Sorry Martha. You're still my favorite, but this recipe is delicious. It could pose as gluten-free Mac and Cheese, minus the bread crumbs!
Cauliflower Gratin
by: Ina Garten, The Barefoot Contessa
Ingredients
1 (3-pound) head cauliflower, cut into large florets, or three 10 oz. bags
Kosher salt
4 tablespoons (1/2 stick) unsalted butter, divided
3 tablespoons all-purpose flour
2 cups hot milk
1/2 teaspoon freshly ground black pepper
1/4 teaspoon grated nutmeg
3/4 cup freshly grated Gruyere, divided
1/4 cup of Swiss, grated
1/2 cup freshly grated Parmesan
1/4 cup fresh bread crumbs, or panko bread crumbs
Directions
Preheat the oven to 375 degrees F.
Cook the cauliflower florets in a large pot of boiling salted water for 5 to 6 minutes, until tender but still firm. Drain.
Meanwhile, melt 2 tablespoons of the butter in a medium saucepan over low heat. Add the flour, stirring constantly with a wooden spoon for 2 minutes. Pour the hot milk into the butter-flour mixture and stir until it comes to a boil. Boil, whisking constantly, for 1 minute, or until thickened. Off the heat, add 1 teaspoon of salt, the pepper, nutmeg, 1/2 cup of the Gruyere, the Swiss, and the Parmesan.

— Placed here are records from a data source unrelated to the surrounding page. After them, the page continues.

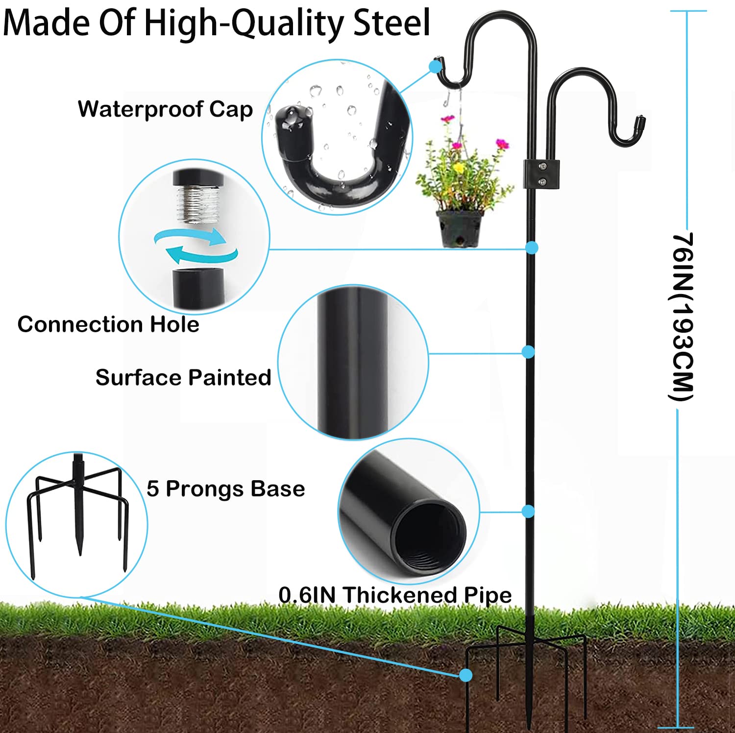 幅広い用途:これらのランタンポールは、フラワーバスケット、プランター、バードハウス、バグキャッチャー、ソーラーライト、メイソンジャー、ランタン、金属スピナー、キャンドルホルダー、ストリングライト、風のチャイム、モスキートトラップ、射撃ターゲット、レモングラスキャンドルに垂れ下がっています。その他の追加の装飾。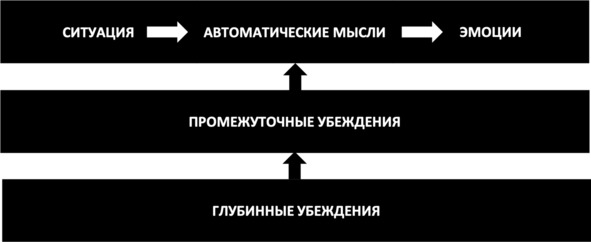 Так, чтобы не чувствовать себя слабым (глубинное убеждение), человек вырабатывает определённое правило жизни: «Я должен быть сильным». Чтобы не чувствовать себя беспомощным (глубинное убеждение), человек формирует правило «Я должен всё контролировать». Ещё один пример: чтобы не ощущать себя в опасности (глубинное убеждение «Мир опасное место»), человек создаёт правило «Я должен всё контролировать и всем управлять». Таких правил (промежуточного уровня) может быть очень много: «Я должен быть умным», «Я должен быть лучшим», «Я должен добиваться успеха», «Я должен быть хорошим любовником», «Я должна быть хорошей мамой». Все эти правила суть защиты, которые человек выстраивает внутри, чтобы не чувствовать себя глупым, беспомощным, плохим или не казаться таковым окружающим. Итак, глубинные, а также прикрывающие и обслуживающие их промежуточные убеждения образуют фундамент, который не осознаётся человеком и перманентно управляет его реакциями. В этом отношении глубинные и промежуточные убеждения работают словно фабрики по производству автоматических мыслей, а в автоматических мыслях часто отображается содержание промежуточных и глубинных убеждений (рис. 14).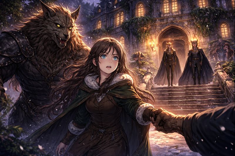 During a winter hunt, Feyre kills a large wolf she suspects may have been a faerie in disguise. Shortly after, a terrifying beast arrives at her cottage demanding retribution. Feyre is taken across the wall to Prythian as payment for the life she ended, leaving her human world behind permanently.

Pour 1/3 of the sauce on the bottom of an 8 by 11 by 2-inch baking dish. Place the drained cauliflower on top and then spread the rest of the sauce evenly on top. Combine the bread crumbs with the remaining 1/4 cup of Gruyere and a little more Parmesan and sprinkle on top. Melt the remaining 2 tablespoons of butter and drizzle over the gratin. Sprinkle with salt and pepper. Bake for 30-35 minutes, until the top is browned. Serve hot or at room temperature.